In 1741 he was still apprenticed to Gustavus Hesselius (1682–1755), a Swedish-born painter who resided in Philadelphia.
It is probable that he painted the portraits of his brother, George Claypoole Sr. (1706-c1770), and sister-in-law, Hannah Claypoole (ca 1708–1745), as the portraits were in the household of George Claypoole Sr., joiner and cabinetmaker, also shop keeper, Front Street, Philadelphia, Pa. Ca 1770 – portraits inherited by George and Hannah Claypoole's eldest son, George Claypoole Jr., (1733–1793), joiner and cabinet maker, of 65 Walnut Street, Philadelphia, Pa. Ca 1793 – portraits inherited by George Jr. and Mary (Parkhouse) Claypoole's eldest and surviving son, Dr. Willam Claypoole, (1758–1797) of Wilmington, North Carolina. 1797 – portraits inherited by William and Mary (Wright) Claypoole's only surviving child, Ann Grainger Claypoole, (ca 1791–1832) of Wilmington, North Carolina. Owned since 1984 by the Colonial Dames of Wilmington, North Carolina.

He had two early students that went on to become well known artists: James Claypoole Jr. (ca 1743–1822), and Matthew Pratt (1734–1805).

He served as High Sheriff of Philadelphia from 1777 to 1780.

Commissioned and paid $8 by Captain Abram Markoe in 1775 to paint a flag for the Philadelphia Troop of Light Horse.

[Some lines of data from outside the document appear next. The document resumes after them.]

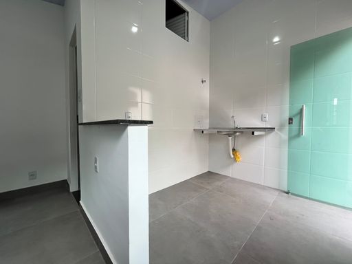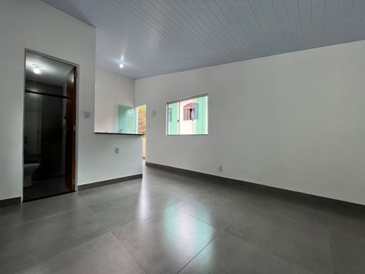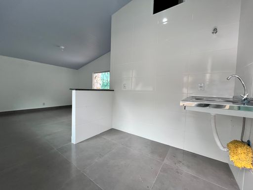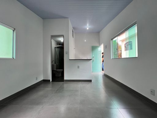 Kitnet com sala conjugada com a cozinha americana, quarto amplo, banheiro com box.
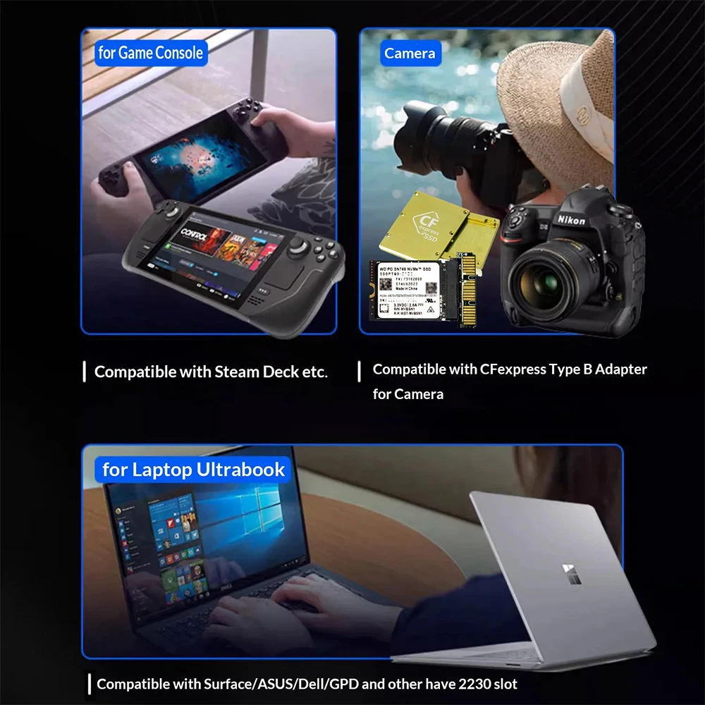 스팀 데크에도 딱 맞는 (22mm x 30mm) 는 스팀 데크 및 표면과 호환됩니다 (SP8 과 작동하지 않음) 노트북 게임 그래픽 데이터 분석에서 강력한 응용 프로그램을 위해 지속적인 고성능 대역폭 및 량으로 완전히 몰입 형 게임 플레이를 달성하십시오
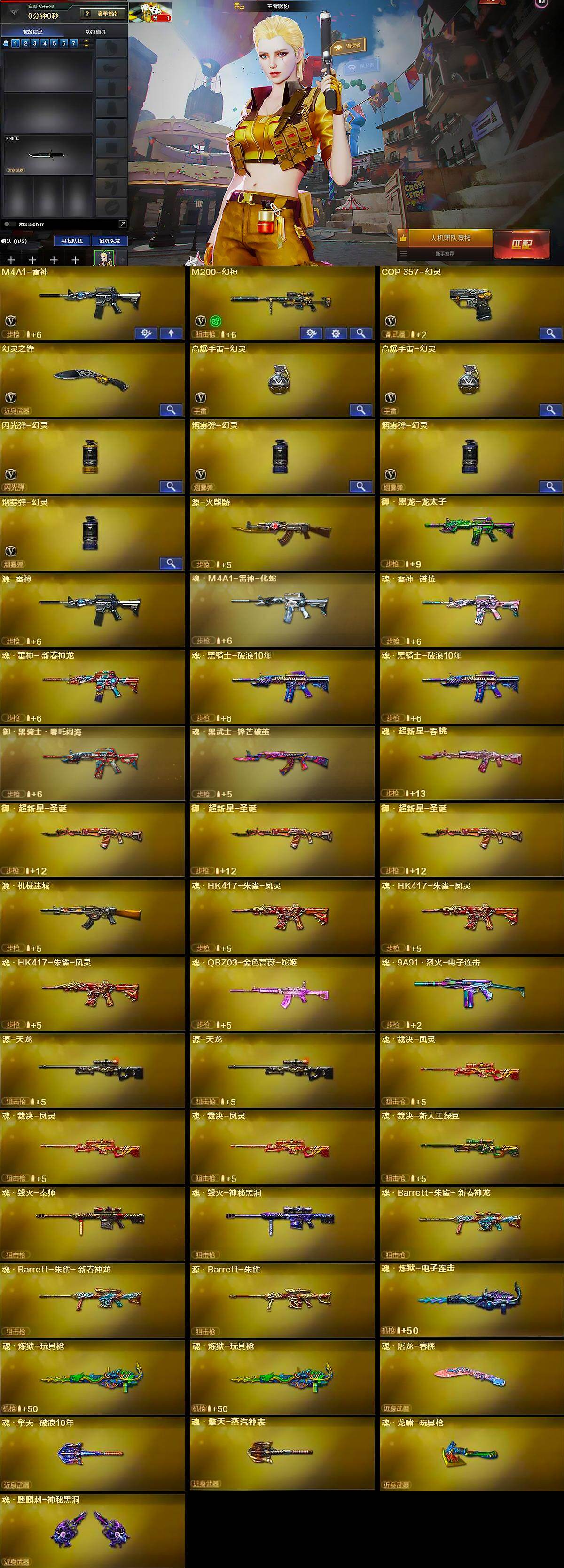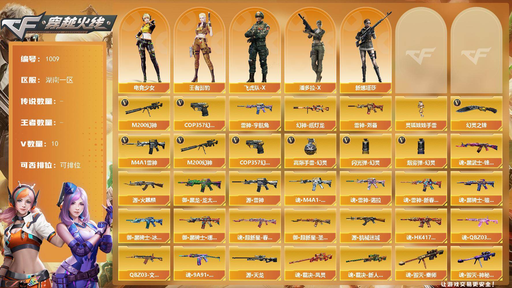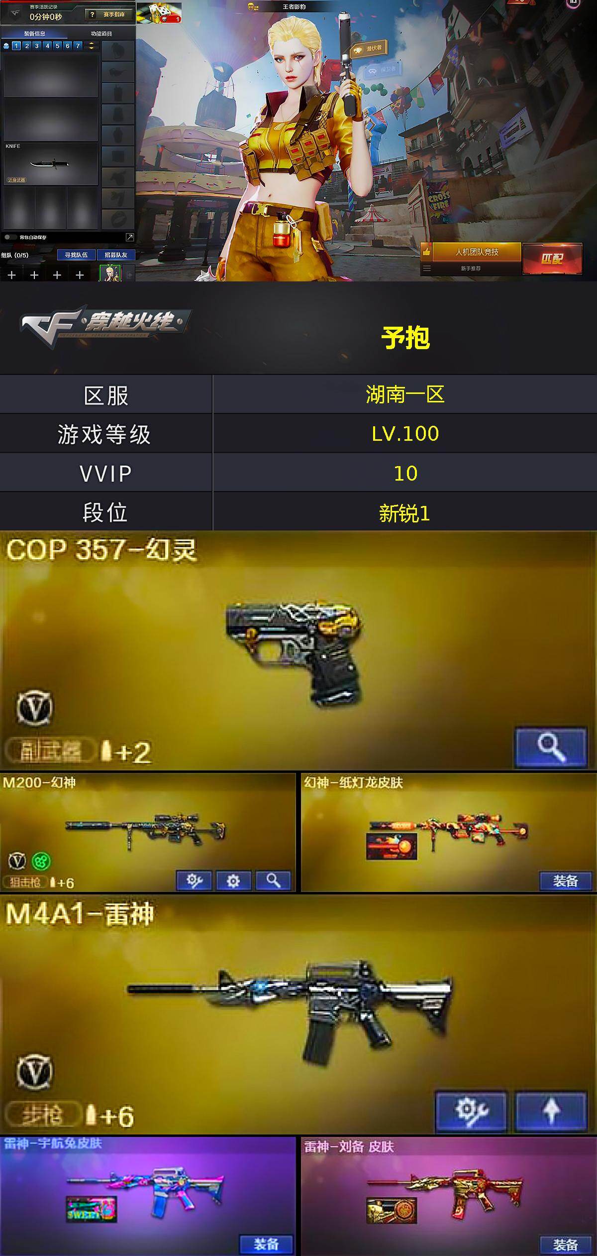 [17694610]湖南一区-10V-0王者武器数-0炫金武器数 【热门武器】:M200-幻神,COP 357-幻灵 【皮肤】:幻神-纸灯龙皮肤,雷神-宇航兔皮肤,雷神-刘备 皮肤 【角色】:王者影豹,电竞少女,飞虎队-X,潘多拉-X,新娜塔莎 【人偶武器】:灵狐娃娃手雷 【英雄级武器】:M4A1-雷神,M200-幻神,COP 357-幻灵,幻灵之锋,高爆手雷-幻灵*2,闪光弹-幻灵,烟雾弹-幻灵*3 【源级武器】:源·火麒麟,御·黑龙-龙太子,源·雷神,魂·M4A1-雷神-化蛇,魂·雷神-诺拉,魂·雷神-新春神龙,魂·黑骑士-破浪10年*2,御·黑骑士-冰魄,御·黑骑士·哪吒闹海,魂·黑武士-锋芒破茧,魂·超新星-春桃,御·超新星-圣诞*3,源·机械迷城,魂·HK417-朱雀-凤灵*3,魂·QBZ03-金色蔷薇-蛇姬,QBZ03-文殊坊,魂·9A91·烈火-电子连击,源·天龙*2,魂·裁决-凤灵*3,魂·裁决-新人王绿豆,魂·毁灭-秦师,魂·毁灭-神秘黑洞,魂·Barrett-朱雀- 新春神龙*2,源·Barrett-朱雀,魂·炼狱-电子连击,魂·炼狱-玩具枪*2,魂·屠龙-春桃,魂·擎天-破浪10年,魂·擎天-蒸汽钟表,魂·龙啸-玩具枪,魂·麒麟刺-神秘黑洞 【道具】:CFS限定背包,热带奇洋炫彩背包,超级背包,黄金生化钩,绿色巨人,灵魂忍者*2,迷雾幽灵,生化弹匣,夺命之镰,防化服*2,金色流光-枪王排位,巅峰赛先锋-金色流光,枪王排位28赛季金色流光,枪王排位29赛季金色流光,电玩兔兔表情,EP战队名片,EP战队喷图,EP战队击杀图标,防弹头盔*2,防弹衣*2,C4工具钳*2,手雷包*2 【特殊枪械】:

==Marriages and children==

He married Rebecca White (c.1721–1749) on May 24, 1742, at Christ Church, Philadelphia. He had three children from this marriage:
- James Claypoole Jr., (c.1743–1822);
- Joseph Claypoole (c.1745-?); and,
- Mary Claypoole, (1746–1746).

After Rebecca's death on July 19, 1749 he married Mary Chambers (d. 1796) in September 1750 and had nine children with her:
- Elizabeth Claypoole Copper Matlack, (1751-ca 1820); She first married Norris Copper and second Timothy Matlack
- Mary Claypoole Peale (1753–1829); married James Peale younger brother to Charles Willson Peale
- Abraham George Claypoole, (c.1754–1827);
- David Chambers Claypoole, (1757–1849);
- Temperance Claypoole, (1759-c.1815);
- Helen Claypoole (?-?);
- Rebecca Claypoole, (?-?);
- Hester Claypoole Allen, (1763-?); and, she married Joseph Allen
- Septimus Claypoole, (1764–1798).

He was father-in-law to both the miniature portraitist James Peale and Col. Timothy Matlack (1730–1829), a Free Quaker, merchant, surveyor, architect, statesman, and patriot in the American Revolution.

==Death==
He died on September 21, 1784, in Philadelphia, Pennsylvania, and is interred at Old Saint Paul's Episcopal Church Cemetery, in Philadelphia, Pennsylvania.

A portrait of James Claypoole Sr. by James Peale and/or Charles Willson Peale is in the Pennsylvania Academy of the Fine Arts, Philadelphia, Pennsylvania.